I started grad school last night.  It was fun, but I’m terrified.  If I take one class at a time it will be almost 2013 by the time I’m done.  I don’t know if this is worth it.

I loved this show and I just learned that we’re in for more after rumors that the show had been permanently cancelled.  Yay!

On a totally separate topic, I am interested that the media is all abuzz that keeping a detailed food journal is key to weight loss.  Funny, all of us in the 3fc community already knew that.

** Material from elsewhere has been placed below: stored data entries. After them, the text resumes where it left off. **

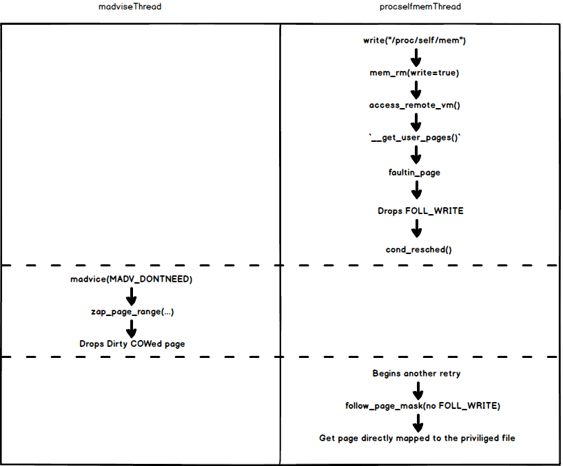 It’s all because the kernel is lying here. In its subsequent retry after being told a dirty COW page is ready, it goes on to tell follow_page_mask and handle_mm_fault that only read-only access is needed. The two functions happily comply and return a page that’s best optimised for the job. In this case, it returns a page that if we perform modification on it would get written back to original privileged file.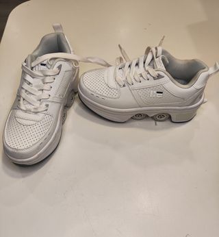 Zapatillas con ruedas de la marca Liekick. - Color blanco. Botón de transformación: Sistema incorporado de ruedas retráctiles de doble fila. El sistema ABRIR–CERRAR–BLOQUEAR te permite cambiar tu estilo de movimiento en un segundo. Juego completo: - Un par de Patines. - Kit de reparación + rueda de repuesto. - Manual de usuario.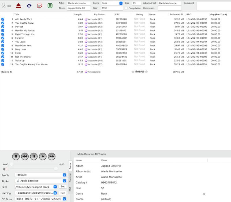 I have attached a screenshot comparing windows to osx. Same disk. Same CD drive. Same program settings. Am I missing something, or does osX just do things differently.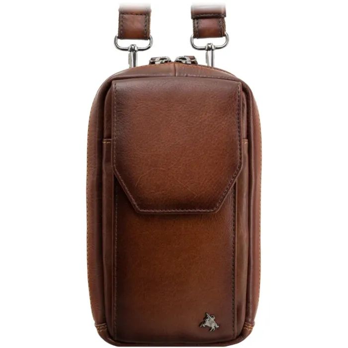 Сумка изготовлена из натуральной кожи с матовой фактурой и оснащена одним основным отделением на молнии. Внутри предусмотрен отдельный карман для телефона, обеспечивающий безопасное хранение гаджета. Лёгкий формат и регулируемый ремень позволяют носить сумку через плечо, оставляя руки свободными.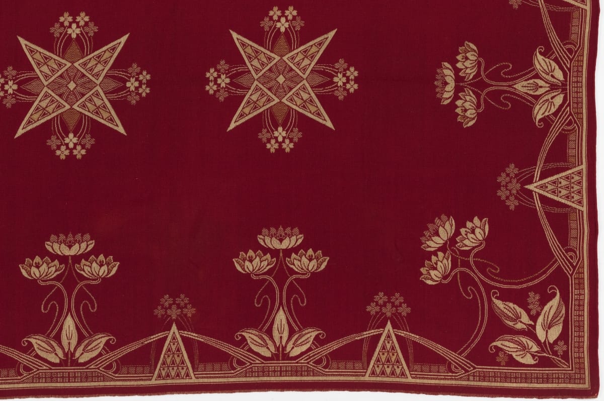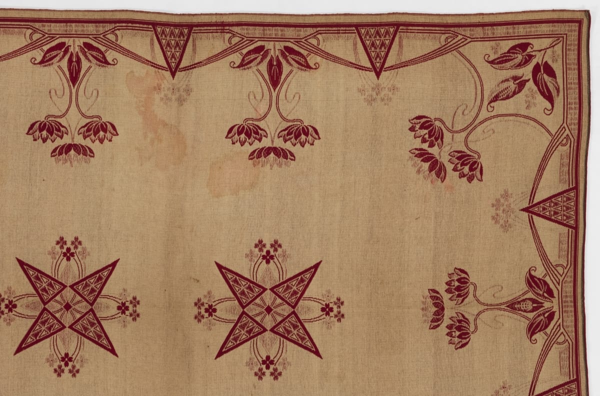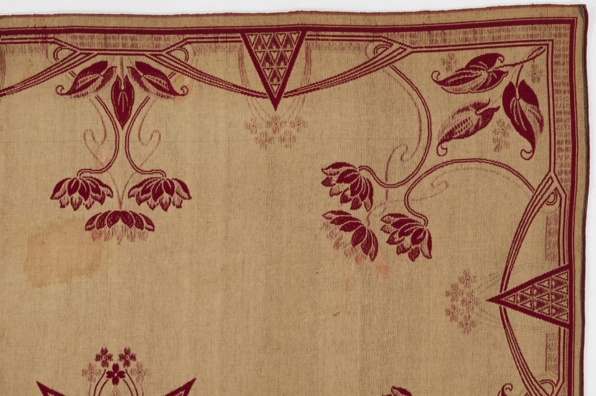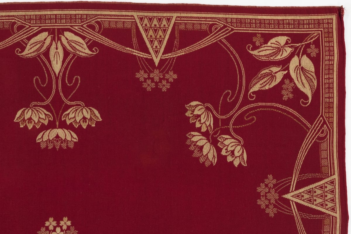 In the 1890s, artists and designers in Europe and the United States attempted to create a modern aesthetic for the 20th century. The decorative style that emerged, Art Nouveau, reached its peak of popularity in 1900. This tablecloth features characteristic elements of Art Nouveau design: bold color contrasts, undulating "whiplash" lines, and stylized botanical motifs.
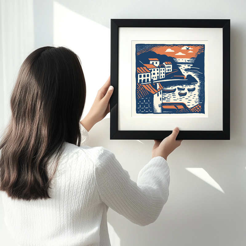 Bring the charm of Ilfracombe Harbour, Devon into your home with our exclusive lino-print style artwork from the UK Picturesque Harbours and Beaches collection. This piece beautifully captures the serene essence of a coastal town, with its quaint houses and gentle waterfront scene. Available in both 36cm and 46cm square sizes, our prints come elegantly framed in either black or white to suit your décor. Opt for a completed print or delve into creativity with our unique option to purchase and download the source images, line drawings, and sketches to craft your own lino print. Ideal for art enthusiasts and DIY lovers alike, this artwork not only adorns your walls but also offers an enriching artistic experience.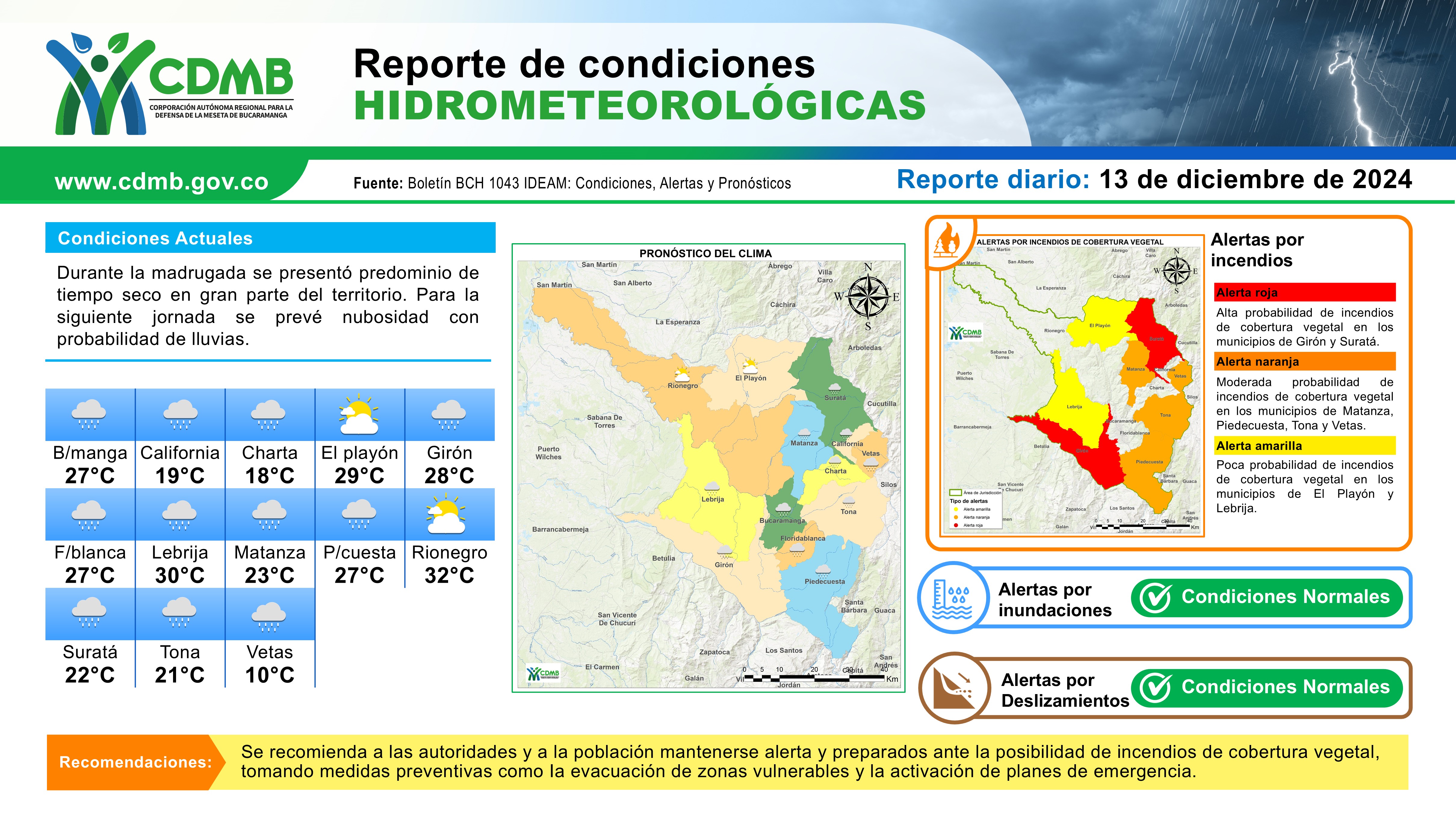 Reporte Alertas Hidrometeorológicas 13 de diciembre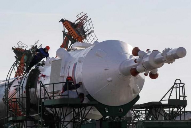 Rusya'nın 14 Mart'ta Kazakistan'daki Boykonur üssünden Uluslararası Uzay İstasyonu'na (ISS) fırlatmayı planladığı Soyuz MS-12 görüntülendi.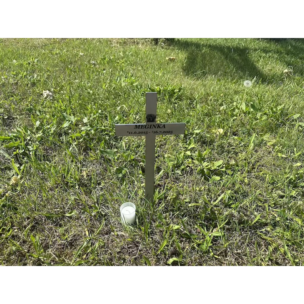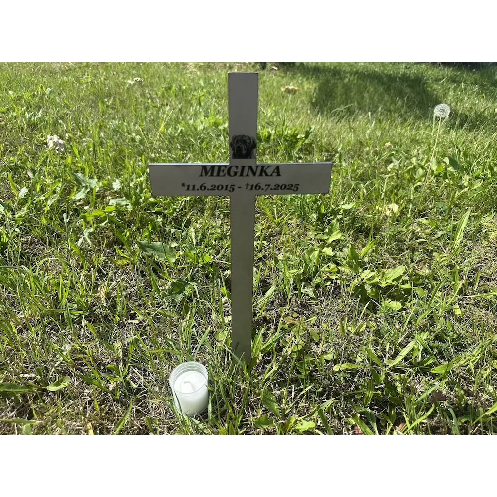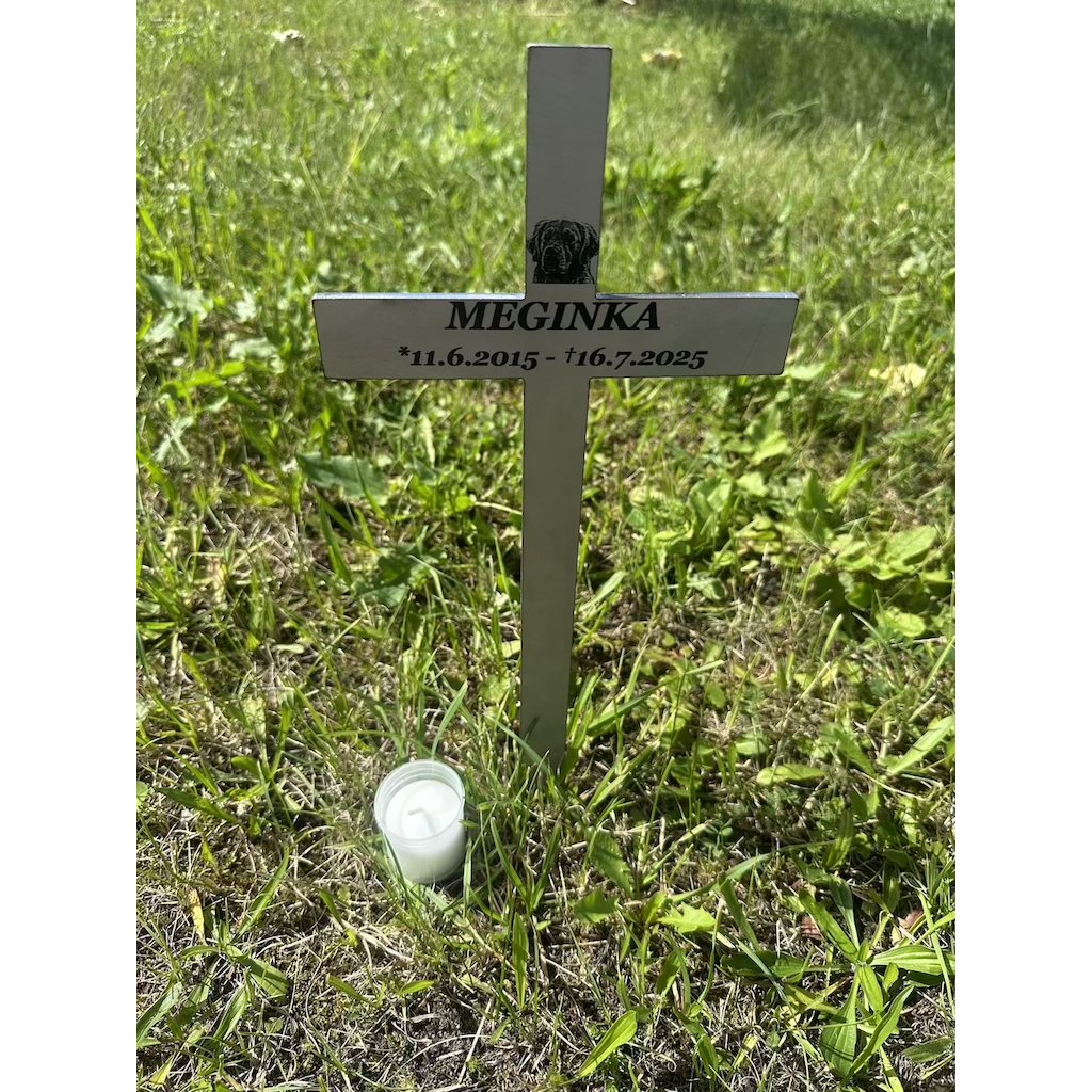 Na kříž gravírujeme jméno a data podle vašeho přání. V horní části kříže je navíc možné umístit fotografii mazlíčka. Stačí, když k objednávce přiložíte fotku – my sami vybereme vhodný výřez a postaráme se o kompletní úpravu i umístění fotografie.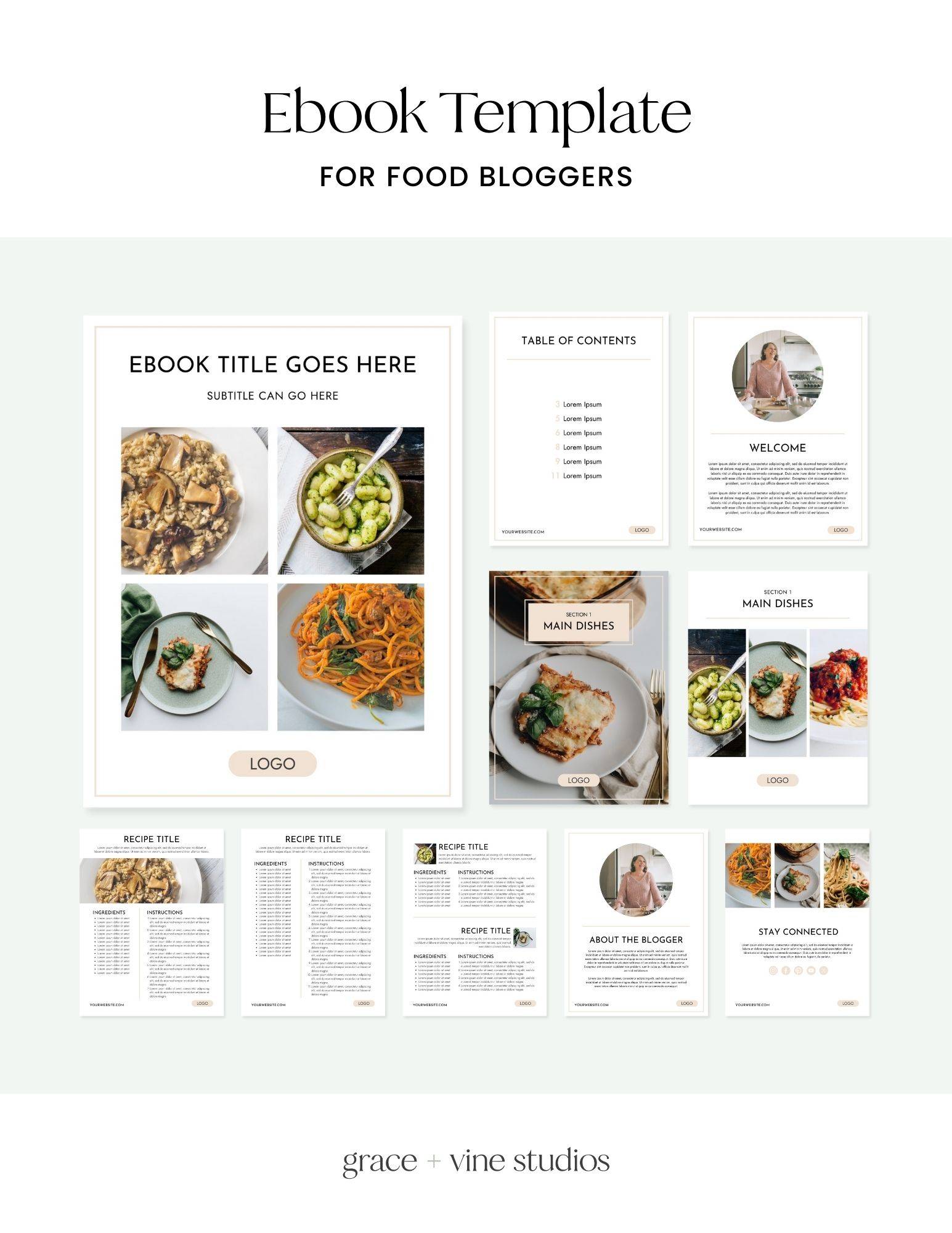- Complete 10-page Canva template set with cover, table of contents page, intro/welcome page, 3 recipe pages, 2 section title pages, about the author page and final page with call-to-action and social links

Sort of ironic, though, how even though I KNOW this to be true I still don’t maintain a food journal.

I am pleased to announce…

June 23rd, 2008

I got a new job!  More money, better title & closer to home.  Could not be better.  And the timing is great too, as things suck as much as ever at my current job.  Now I just have to endure the pain of the 2-week notice period, and it will be o.v.e.r!

I had a long talk with a colleague who was my original manager when I joined the company.  She confirmed that I’m not the insane one, and that things really are whacky with the company and also with all of the new managers they’ve hired (specifically the one I report to).

It took a lot of the pressure off, because once I could accept that it was not about me and there was really not much I could do to fix it, I now feel free to just sit back, do the job they want me to do, and collect my paycheck.  So that is still not ideal, but its better.

And then that same colleague who comforted me got so frustrated herself that she quit last week.  So now I feel a bit saner, but its totally lonely without this friend and coworker around.  Nobody else ‘gets’ me.

I’m still looking for a new job - something that will work better longer term.  I have one possibility right now, but not much else.  The economy is a killer.  And, the opportunity from back in April did not work out obviously, but I think it was for the best.